# "Bear Skins And Stone Knives"



## Simon68

"I'm endeavouring, Ma'am, to construct a mnemonic memory circuit using stone-knives and bear-skins."
Spock to Edith Keeler, "The City On the Edge of Forever".
Star Trek: The Original Series (TOS) 

I remember the first time I saw this STO Classic series episode... it was 1977 (and I was only 9!), but I would never imagine, how strong this memory would stick on my mind. Soon after I started to access the net (1991 or 1992) I searched for a Diorama themed about "TheCity...". They started to pop up, but all of them based on "The Guardian of Forever". Yes, its cool, and I already built one some years ago. There are some versions of it commercially available, but I never saw, just one STO Diorama, based on (I'll call "the hotel room" or flop(?) ... that scene has A LOT of eye candy details... and I thought way never someone tried to build a diorama showing this scene?! 

But over the years I realized why ... this diorama would be heavily based on the figures of Spock and Kirk. Having the presence of Edith Keeler would be a 'must'. For this, it would be necessary to have the skills of a sculptor ... (after all, it is not easy to find out the figures in the scale you want, pose, etc ...
With that in mind, I realized that I would only build this diorama if I could somehow get those figures. And this time has come! I ordered with a local artist sculptor those figures. So I decided to build this dio in dollhouse scale (1:12) approximately.


----------



## Simon68

My first Idea was to capture this scene on the image, i.e. showing just Spock and Kirk.


----------



## Simon68

But them, I thought "If I'll build this DIO, and (of course) use figures, I'll go wild, and also put Edith Keeler (Joan Collins figure) to the scene...


----------



## Simon68

But them, I got a problem to solve.
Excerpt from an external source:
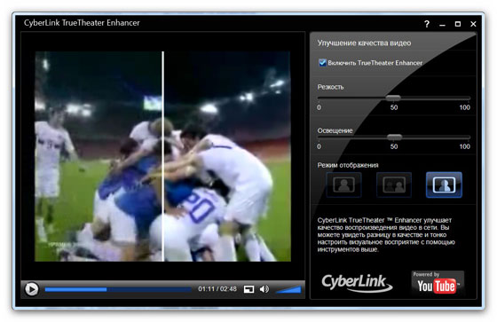 CyberLink TrueTheater Enhancer - это приложение позволяет заметно повысить качество воспроизведения видеороликов, включая контент, снабженный пометками «High Quality» и «HD». В основе продукта лежат те же самые технологии повышения качества цифрового изображения, которые использовались компанией CyberLink в ее флагманском продукте – популярном программном DVD-проигрывателе PowerDVD. Портал YouTube представляет собой крупнейшее онлайн-хранилище видеоматериалов, предоставленных любителями и профессионалами. Однако, большинство публикуемых на сайте роликов не обладают исключительным качеством. Приложение CyberLink TrueTheater Enhancer обеспечит повышенную четкость картинки, устранит наиболее заметные недочеты и позволит зрителям получить больше удовольствия от просмотра потокового видеоконтента.

I would like to show BOTH (Spock & Kirk looking at the TRICORDER screen) AND also show that moment, when Edith Keller opens the door of the room and (almost) see Spock without that cap (to hide his "antennas" LOL). And, of course, there wasn't that scene showing Spock, Kirk & Edit at that configuration... so I decided to make a "composite scene".


----------



## Simon68

I had a specific constraint to guide my Diorama scale: The tinny TRICORDER screen. It has to be at least some size that I could put some lighting... Yes, because I would like to have some light animations and other sound effects to the dio. I already had one Spock figure that I bought recently and this figure comes with a (bad) tiny resin Tricorder...


----------



## Simon68

So first I began scratching some room plant, trying to capture a possible configuration. I had to re-view (and capture) many times the scenes where the room is shown...

But during the episode, the room configuration changes! so I had, again, to make one choice, basically how Spock and Kirk's bed were set on the scene...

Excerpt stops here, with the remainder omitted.